Available data
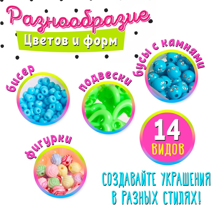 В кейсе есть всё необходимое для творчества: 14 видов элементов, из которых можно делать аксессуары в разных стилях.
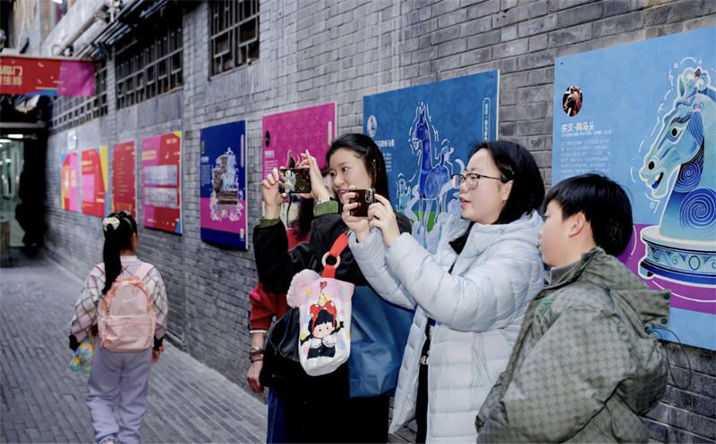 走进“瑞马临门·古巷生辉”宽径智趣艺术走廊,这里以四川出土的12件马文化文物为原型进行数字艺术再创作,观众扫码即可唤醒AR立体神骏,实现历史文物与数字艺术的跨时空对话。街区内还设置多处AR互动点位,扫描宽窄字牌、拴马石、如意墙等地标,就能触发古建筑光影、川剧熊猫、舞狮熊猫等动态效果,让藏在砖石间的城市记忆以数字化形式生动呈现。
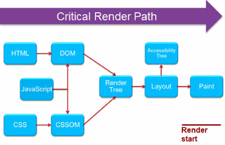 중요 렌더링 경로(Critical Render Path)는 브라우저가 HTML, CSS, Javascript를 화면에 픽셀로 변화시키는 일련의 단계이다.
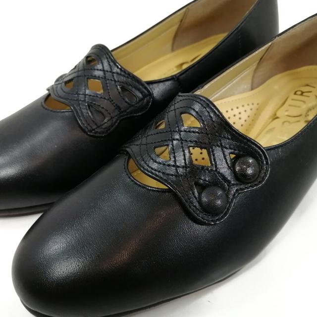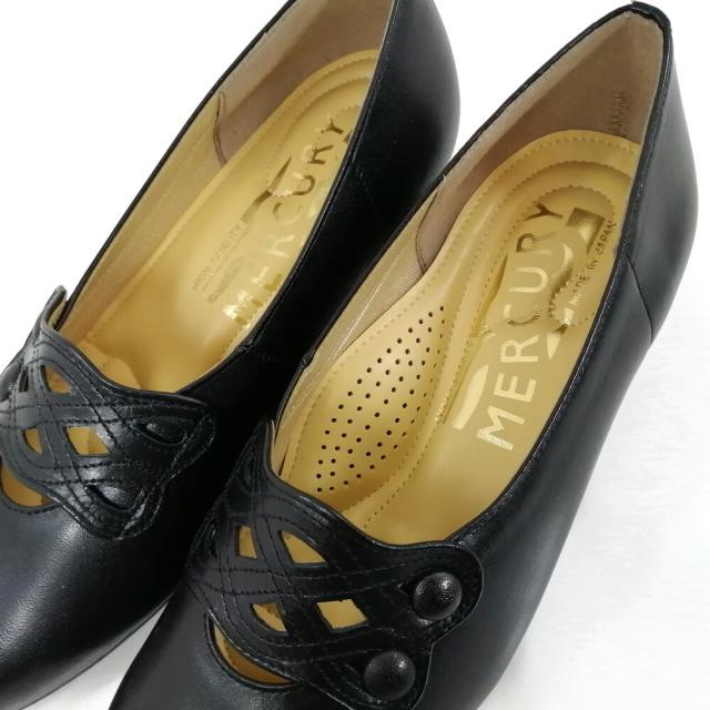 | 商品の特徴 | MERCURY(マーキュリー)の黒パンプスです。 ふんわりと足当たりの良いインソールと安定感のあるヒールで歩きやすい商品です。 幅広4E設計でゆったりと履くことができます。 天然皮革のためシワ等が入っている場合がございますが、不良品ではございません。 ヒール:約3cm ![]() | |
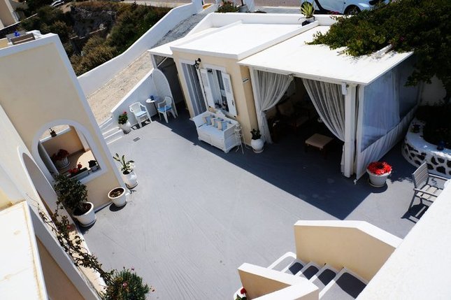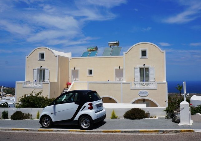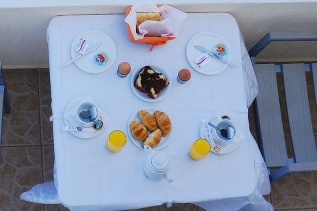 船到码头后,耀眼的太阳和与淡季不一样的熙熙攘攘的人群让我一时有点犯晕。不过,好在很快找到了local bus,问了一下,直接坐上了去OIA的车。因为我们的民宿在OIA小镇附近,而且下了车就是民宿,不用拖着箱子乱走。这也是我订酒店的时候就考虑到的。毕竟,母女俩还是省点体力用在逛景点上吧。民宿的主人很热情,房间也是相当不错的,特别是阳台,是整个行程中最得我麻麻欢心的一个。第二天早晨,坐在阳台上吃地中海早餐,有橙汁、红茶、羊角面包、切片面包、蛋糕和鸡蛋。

--

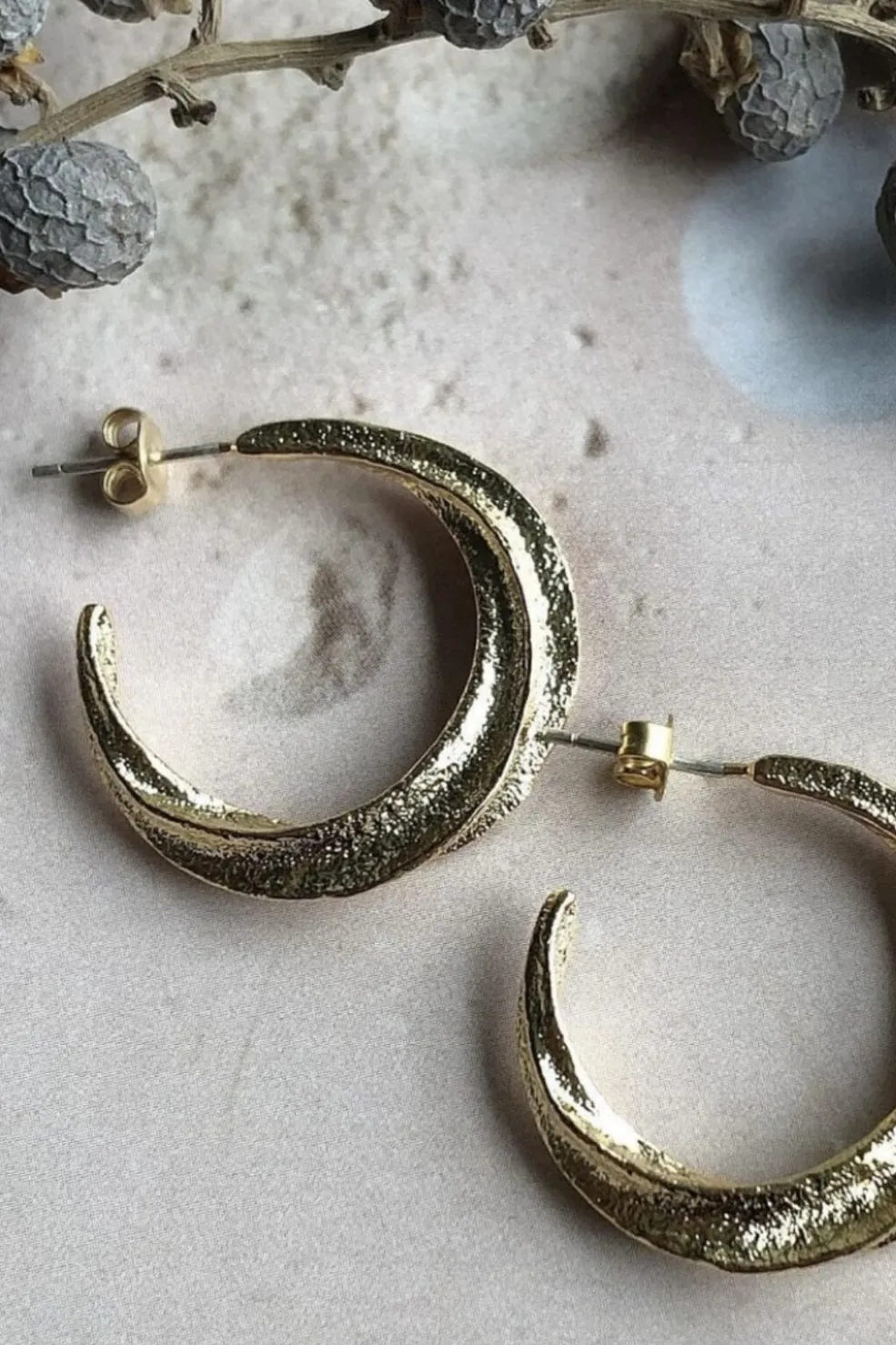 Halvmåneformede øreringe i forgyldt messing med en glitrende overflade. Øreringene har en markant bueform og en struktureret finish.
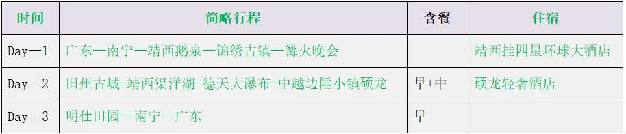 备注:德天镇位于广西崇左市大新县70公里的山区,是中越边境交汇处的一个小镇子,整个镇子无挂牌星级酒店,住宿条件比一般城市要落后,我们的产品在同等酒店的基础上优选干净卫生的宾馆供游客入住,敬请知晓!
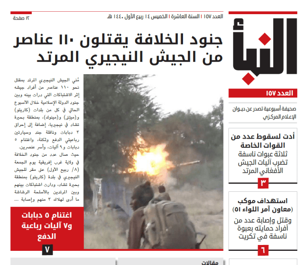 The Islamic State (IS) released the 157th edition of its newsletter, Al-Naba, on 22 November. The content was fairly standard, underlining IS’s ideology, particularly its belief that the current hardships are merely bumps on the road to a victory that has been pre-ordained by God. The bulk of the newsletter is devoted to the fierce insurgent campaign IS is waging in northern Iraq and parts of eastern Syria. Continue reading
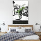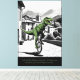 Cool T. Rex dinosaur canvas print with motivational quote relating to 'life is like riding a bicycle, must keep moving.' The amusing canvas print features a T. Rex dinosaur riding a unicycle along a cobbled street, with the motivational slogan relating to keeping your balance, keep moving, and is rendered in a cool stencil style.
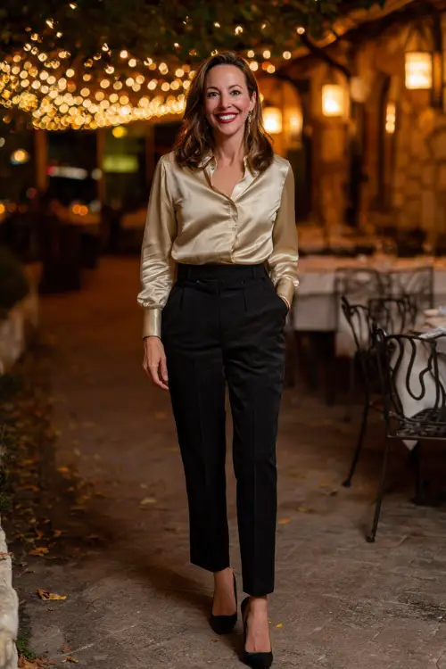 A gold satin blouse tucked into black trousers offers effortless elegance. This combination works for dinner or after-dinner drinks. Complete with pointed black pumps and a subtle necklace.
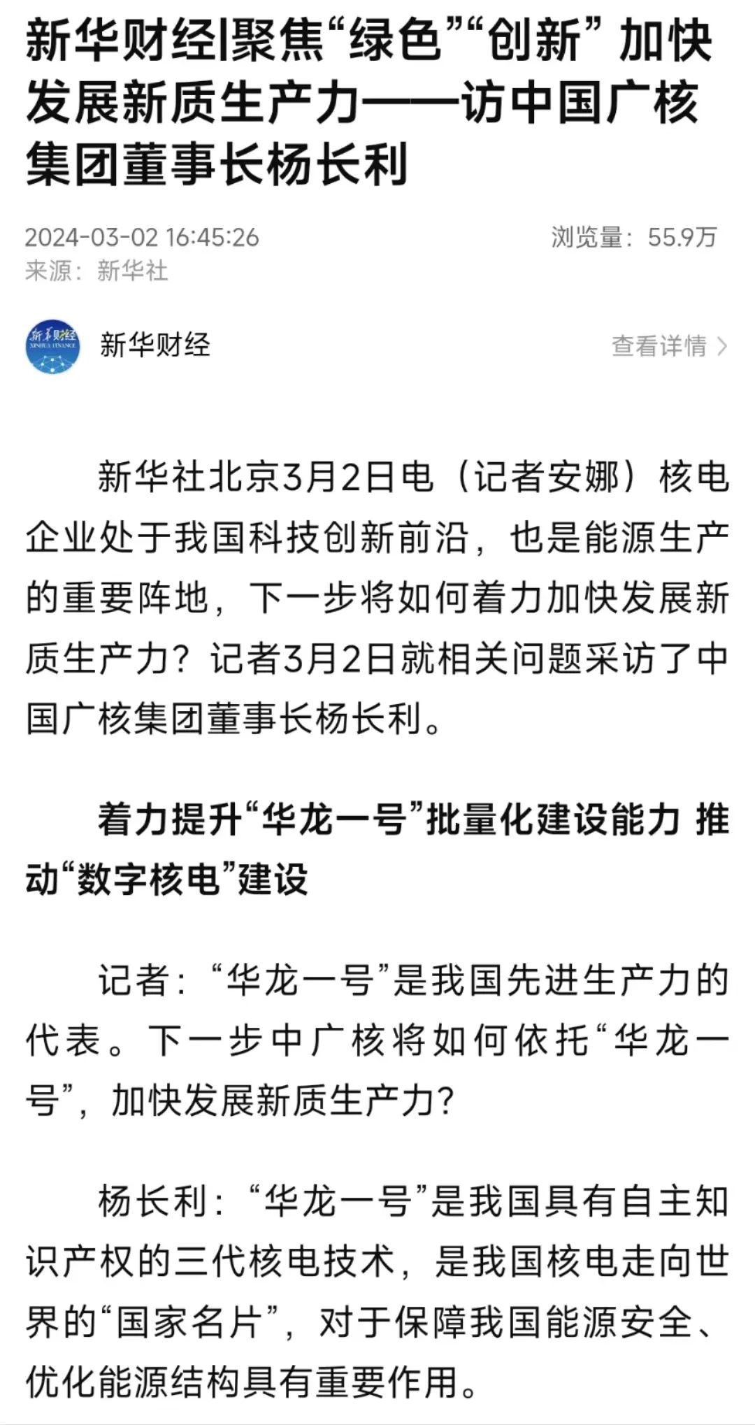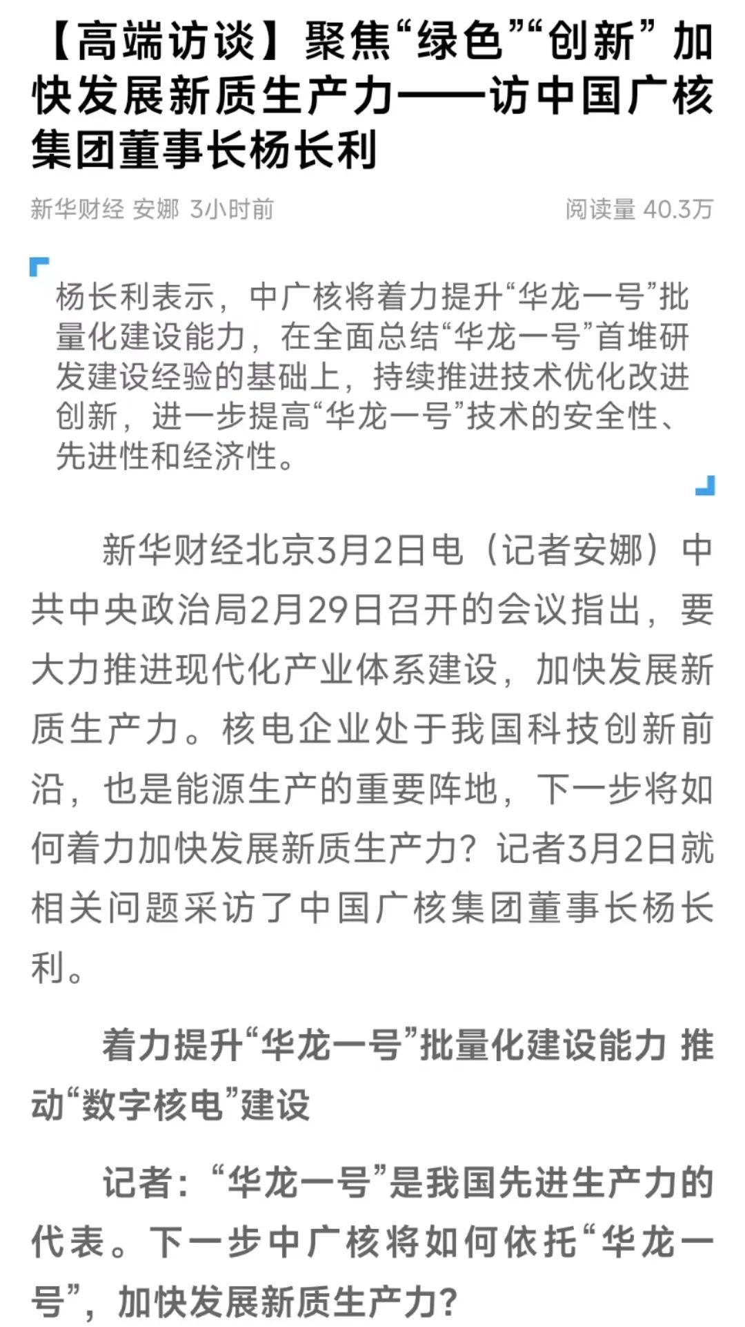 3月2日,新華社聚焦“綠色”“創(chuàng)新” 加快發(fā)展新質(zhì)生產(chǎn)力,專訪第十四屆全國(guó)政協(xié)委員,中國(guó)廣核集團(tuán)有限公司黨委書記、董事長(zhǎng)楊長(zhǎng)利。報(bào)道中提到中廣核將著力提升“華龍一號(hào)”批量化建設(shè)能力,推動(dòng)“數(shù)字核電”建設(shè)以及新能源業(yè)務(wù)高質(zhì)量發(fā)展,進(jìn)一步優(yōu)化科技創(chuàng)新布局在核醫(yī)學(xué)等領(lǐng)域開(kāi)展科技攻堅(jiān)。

Description of the task
Return the material from the line containing "В кейсе есть" through the line containing "船到码头后,耀眼的太阳和与淡", exactly and in full, but without its pictures.

Output below
 В кейсе есть всё необходимое для творчества: 14 видов элементов, из которых можно делать аксессуары в разных стилях.
 走进“瑞马临门·古巷生辉”宽径智趣艺术走廊,这里以四川出土的12件马文化文物为原型进行数字艺术再创作,观众扫码即可唤醒AR立体神骏,实现历史文物与数字艺术的跨时空对话。街区内还设置多处AR互动点位,扫描宽窄字牌、拴马石、如意墙等地标,就能触发古建筑光影、川剧熊猫、舞狮熊猫等动态效果,让藏在砖石间的城市记忆以数字化形式生动呈现。
 중요 렌더링 경로(Critical Render Path)는 브라우저가 HTML, CSS, Javascript를 화면에 픽셀로 변화시키는 일련의 단계이다.
 | 商品の特徴 | MERCURY(マーキュリー)の黒パンプスです。 ふんわりと足当たりの良いインソールと安定感のあるヒールで歩きやすい商品です。 幅広4E設計でゆったりと履くことができます。 天然皮革のためシワ等が入っている場合がございますが、不良品ではございません。 ヒール:約3cm ![]() | |
 船到码头后,耀眼的太阳和与淡季不一样的熙熙攘攘的人群让我一时有点犯晕。不过,好在很快找到了local bus,问了一下,直接坐上了去OIA的车。因为我们的民宿在OIA小镇附近,而且下了车就是民宿,不用拖着箱子乱走。这也是我订酒店的时候就考虑到的。毕竟,母女俩还是省点体力用在逛景点上吧。民宿的主人很热情,房间也是相当不错的,特别是阳台,是整个行程中最得我麻麻欢心的一个。第二天早晨,坐在阳台上吃地中海早餐,有橙汁、红茶、羊角面包、切片面包、蛋糕和鸡蛋。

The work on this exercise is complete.